マトが扉を出てしばらくすると、やはり女はすぐに部屋へ戻ってきました。
(あれ?やはりさっきとは服の模様が違う気がするが……)
やはり服が変わっているような気がします。服の色自体がほとんど同じであったため、微妙な模様の違いでしたが、ユラはもうぼんやりとしていたため、上手く違いを指摘することができませんでした。
「では、あなた様も……。こちらへどうぞ……」
それに、美しい女に手を取られた瞬間、何もかもどうでも良くなったのです。
(ああ、ようやくこれで……俺も……)
ユラはぼんやりとした頭で、そう思っていました。
途中、廊下の壁や、案内された部屋の扉でさえも、美しく細やかな模様が描かれていましたが、ユラはもう感動すらしませんでした。それよりも、少し先を歩く女の水を弾くような皮膚の張りや、うなじ、背中からお尻にかけての曲線美、女の手の感触で頭がいっぱいでした。
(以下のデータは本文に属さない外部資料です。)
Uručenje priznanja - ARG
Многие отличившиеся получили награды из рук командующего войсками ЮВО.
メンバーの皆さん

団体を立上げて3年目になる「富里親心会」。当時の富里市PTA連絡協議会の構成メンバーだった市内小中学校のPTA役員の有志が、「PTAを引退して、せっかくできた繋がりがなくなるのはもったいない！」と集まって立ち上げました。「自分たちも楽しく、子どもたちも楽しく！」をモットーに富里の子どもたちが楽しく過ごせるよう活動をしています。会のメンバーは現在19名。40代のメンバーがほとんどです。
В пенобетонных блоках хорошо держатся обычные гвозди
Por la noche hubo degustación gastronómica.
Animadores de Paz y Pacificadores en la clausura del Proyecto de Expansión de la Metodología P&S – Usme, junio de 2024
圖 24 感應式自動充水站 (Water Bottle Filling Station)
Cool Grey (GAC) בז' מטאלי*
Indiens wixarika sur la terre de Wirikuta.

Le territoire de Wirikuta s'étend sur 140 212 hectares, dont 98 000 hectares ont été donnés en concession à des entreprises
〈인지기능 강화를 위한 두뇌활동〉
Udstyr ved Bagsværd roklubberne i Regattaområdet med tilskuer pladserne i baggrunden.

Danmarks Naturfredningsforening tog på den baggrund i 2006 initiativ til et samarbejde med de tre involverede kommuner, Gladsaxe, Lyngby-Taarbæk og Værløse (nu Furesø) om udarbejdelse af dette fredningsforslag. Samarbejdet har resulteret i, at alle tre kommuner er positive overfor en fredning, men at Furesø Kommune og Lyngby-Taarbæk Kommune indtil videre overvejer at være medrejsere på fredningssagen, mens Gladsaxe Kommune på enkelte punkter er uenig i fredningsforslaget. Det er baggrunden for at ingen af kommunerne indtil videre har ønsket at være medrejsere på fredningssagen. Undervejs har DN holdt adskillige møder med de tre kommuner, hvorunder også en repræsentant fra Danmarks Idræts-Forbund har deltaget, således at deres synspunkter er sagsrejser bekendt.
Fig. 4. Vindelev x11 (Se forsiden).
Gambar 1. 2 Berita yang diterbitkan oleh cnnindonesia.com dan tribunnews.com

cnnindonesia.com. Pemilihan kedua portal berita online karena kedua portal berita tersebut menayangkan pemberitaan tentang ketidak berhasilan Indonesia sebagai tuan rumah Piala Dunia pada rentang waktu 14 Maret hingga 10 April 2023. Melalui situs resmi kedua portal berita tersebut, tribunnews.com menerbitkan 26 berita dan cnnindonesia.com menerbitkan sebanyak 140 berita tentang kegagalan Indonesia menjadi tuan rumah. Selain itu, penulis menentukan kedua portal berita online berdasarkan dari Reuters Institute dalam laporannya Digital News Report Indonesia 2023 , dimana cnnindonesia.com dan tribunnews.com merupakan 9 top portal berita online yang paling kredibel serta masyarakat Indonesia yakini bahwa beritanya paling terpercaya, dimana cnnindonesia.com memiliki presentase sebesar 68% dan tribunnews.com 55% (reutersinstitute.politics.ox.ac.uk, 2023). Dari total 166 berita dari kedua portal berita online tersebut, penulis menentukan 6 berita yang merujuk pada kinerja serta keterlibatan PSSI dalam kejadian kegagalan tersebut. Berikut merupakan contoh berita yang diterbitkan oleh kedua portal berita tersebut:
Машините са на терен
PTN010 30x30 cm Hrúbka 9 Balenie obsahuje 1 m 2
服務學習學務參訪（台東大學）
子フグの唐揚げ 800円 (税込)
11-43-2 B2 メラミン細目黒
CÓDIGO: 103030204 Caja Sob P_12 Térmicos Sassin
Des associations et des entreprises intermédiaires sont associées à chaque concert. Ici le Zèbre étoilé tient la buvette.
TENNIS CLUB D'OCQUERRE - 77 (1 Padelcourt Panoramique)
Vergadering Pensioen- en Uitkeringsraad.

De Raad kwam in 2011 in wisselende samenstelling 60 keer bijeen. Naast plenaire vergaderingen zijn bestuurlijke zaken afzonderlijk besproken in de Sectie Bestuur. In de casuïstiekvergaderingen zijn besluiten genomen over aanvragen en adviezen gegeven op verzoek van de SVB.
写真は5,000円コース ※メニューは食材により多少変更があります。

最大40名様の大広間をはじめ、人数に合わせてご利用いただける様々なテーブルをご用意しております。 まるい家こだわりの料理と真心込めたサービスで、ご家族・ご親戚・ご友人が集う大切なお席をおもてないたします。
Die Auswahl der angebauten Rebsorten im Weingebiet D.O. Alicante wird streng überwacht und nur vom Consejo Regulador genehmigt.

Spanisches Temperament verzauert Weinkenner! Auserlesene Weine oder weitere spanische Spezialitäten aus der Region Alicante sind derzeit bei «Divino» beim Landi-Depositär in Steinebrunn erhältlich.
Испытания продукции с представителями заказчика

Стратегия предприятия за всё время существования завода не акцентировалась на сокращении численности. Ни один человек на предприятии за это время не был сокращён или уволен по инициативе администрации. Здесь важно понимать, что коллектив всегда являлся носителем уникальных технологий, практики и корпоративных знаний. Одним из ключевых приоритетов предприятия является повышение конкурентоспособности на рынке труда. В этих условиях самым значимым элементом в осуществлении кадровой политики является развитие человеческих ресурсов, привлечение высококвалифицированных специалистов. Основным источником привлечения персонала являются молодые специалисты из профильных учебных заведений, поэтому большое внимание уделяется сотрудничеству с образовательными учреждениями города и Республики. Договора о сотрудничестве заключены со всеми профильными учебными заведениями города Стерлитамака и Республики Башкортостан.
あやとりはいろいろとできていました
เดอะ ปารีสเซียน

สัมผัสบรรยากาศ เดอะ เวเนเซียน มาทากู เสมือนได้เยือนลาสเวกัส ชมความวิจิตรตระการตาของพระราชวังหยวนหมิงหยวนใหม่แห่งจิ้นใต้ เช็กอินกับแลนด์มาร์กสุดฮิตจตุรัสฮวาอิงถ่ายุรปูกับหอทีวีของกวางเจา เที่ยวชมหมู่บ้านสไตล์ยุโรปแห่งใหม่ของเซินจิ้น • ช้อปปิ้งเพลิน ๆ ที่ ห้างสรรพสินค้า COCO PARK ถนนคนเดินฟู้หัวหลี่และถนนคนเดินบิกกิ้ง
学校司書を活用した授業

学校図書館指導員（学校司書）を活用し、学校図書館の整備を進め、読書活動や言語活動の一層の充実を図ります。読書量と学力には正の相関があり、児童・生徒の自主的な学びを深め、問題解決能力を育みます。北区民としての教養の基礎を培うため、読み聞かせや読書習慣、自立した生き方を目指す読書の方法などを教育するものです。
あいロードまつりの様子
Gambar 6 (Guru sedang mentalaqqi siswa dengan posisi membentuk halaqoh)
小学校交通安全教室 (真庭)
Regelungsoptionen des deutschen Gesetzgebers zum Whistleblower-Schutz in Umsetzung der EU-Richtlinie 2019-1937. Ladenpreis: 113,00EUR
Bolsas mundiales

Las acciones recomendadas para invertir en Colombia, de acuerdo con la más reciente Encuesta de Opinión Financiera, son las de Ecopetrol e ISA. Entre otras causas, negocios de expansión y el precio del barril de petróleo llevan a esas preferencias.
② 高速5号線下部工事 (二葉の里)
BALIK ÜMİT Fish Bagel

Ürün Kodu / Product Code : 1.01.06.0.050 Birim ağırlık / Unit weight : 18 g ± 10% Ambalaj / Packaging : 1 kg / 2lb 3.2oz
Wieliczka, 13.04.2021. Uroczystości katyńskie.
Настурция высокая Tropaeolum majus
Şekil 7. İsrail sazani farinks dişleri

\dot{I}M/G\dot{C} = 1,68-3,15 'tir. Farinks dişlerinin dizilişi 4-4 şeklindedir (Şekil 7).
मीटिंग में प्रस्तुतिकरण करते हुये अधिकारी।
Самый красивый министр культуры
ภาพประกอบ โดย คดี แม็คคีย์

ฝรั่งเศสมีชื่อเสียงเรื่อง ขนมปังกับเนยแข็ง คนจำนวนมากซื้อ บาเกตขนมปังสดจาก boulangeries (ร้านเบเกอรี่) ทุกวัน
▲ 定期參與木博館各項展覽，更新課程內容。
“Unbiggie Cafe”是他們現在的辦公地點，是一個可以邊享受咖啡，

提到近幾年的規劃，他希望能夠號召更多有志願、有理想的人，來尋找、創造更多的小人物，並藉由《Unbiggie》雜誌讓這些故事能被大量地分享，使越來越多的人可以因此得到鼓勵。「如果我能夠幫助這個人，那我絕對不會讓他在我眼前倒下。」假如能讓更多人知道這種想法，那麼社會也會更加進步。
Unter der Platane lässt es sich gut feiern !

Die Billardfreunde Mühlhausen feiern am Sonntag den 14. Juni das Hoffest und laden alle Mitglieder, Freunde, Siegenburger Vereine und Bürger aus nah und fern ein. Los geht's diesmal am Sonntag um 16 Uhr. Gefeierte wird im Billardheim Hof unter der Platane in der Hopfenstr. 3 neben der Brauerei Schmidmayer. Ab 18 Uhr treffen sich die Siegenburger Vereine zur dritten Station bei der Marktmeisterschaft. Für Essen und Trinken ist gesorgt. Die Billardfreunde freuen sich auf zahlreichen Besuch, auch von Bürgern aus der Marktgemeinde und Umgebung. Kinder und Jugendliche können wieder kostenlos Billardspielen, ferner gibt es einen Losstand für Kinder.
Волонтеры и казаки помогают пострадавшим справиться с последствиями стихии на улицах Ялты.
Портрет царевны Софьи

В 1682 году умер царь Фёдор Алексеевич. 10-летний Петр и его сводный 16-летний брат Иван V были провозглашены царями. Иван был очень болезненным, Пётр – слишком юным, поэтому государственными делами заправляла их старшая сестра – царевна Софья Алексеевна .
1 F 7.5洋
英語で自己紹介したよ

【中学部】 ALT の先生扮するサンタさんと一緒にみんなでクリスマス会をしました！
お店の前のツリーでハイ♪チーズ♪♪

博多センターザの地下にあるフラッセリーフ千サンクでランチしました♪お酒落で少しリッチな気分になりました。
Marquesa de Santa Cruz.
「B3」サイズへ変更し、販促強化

(肌を重ねるなら、オレが色々と教えてやらねえと……)
経験もあまりないのに、ユラはそう思いました。
部屋の扉の前に立つと、女はそっとユラの腕に身体を近づけました。女の柔い手の感触や豊満な身体が僅かに触れる感覚、更にその身体から立ち昇る香しい匂いに、ユラはくらくらとしたのです。
「こちらになります。後ほど、寝る前のお水をお持ちしてもよろしいですか?」
「あ、うん。あの……ありがとう」
(やっぱこの女、オレのことが……)
ユラはもう、そうとしか考えられませんでした。
「いえ、お気になさらず」
女は一層優美に、儚げに、微笑みました。
ユラ部屋に入ると、そこは村のどの家より煌びやかで、なのに何故か落ち着きを感じる不思議な装飾がなされていました。ベッドには天蓋が着いており、寝心地の良さそうな枕と布がかかっています。
ユラがベッドに腰掛けると、明るかった部屋がふっと薄暗くなりました。いつもなら警戒したかもしれません。でも、ユラはもう満腹でしたし、酒もたらふく飲んでいます。それに、部屋の匂いもなんだか甘ったるくて夢心地でした。
クスクスクスクス……
ユラのすぐ側から、忍ぶような笑い声が聞こえました。
「ねえ、一緒に楽しいことをしましょうよ」
「そうよねえ、折角ここまで来たのだもの。楽しくて気持ち良くなった方がいいわ」
いつの間にか女が2人、ユラの両隣に座っていました。布が透けるように薄くて面積がそれほどもない服を身につけています。でも、何故か布が高級なものだと、ユラは分かりました。どうしてでしょう。それは分かりません。
両隣の女たちがユラにそっと触れましたが、ユラは何故か、当然のようにそれを受け入れていました。それに、その女達も、あの女よりは少しばかり劣る気がしましたが、それはそれは美しかったのです。
それどころか右の女はあどけない笑顔で、よりユラの好みに近い顔でしたし、左の女は年齢が分からないほどにミステリアスな妖艶さで、それはそれでユラの欲を掻き立て、良かったのでした。
甘い香りと共に女達の顔が更に近付いてきた……ような気がしましたが、香りのせいかユラの意識は更に薄ぼんやりとし、そこからもう記憶はありません。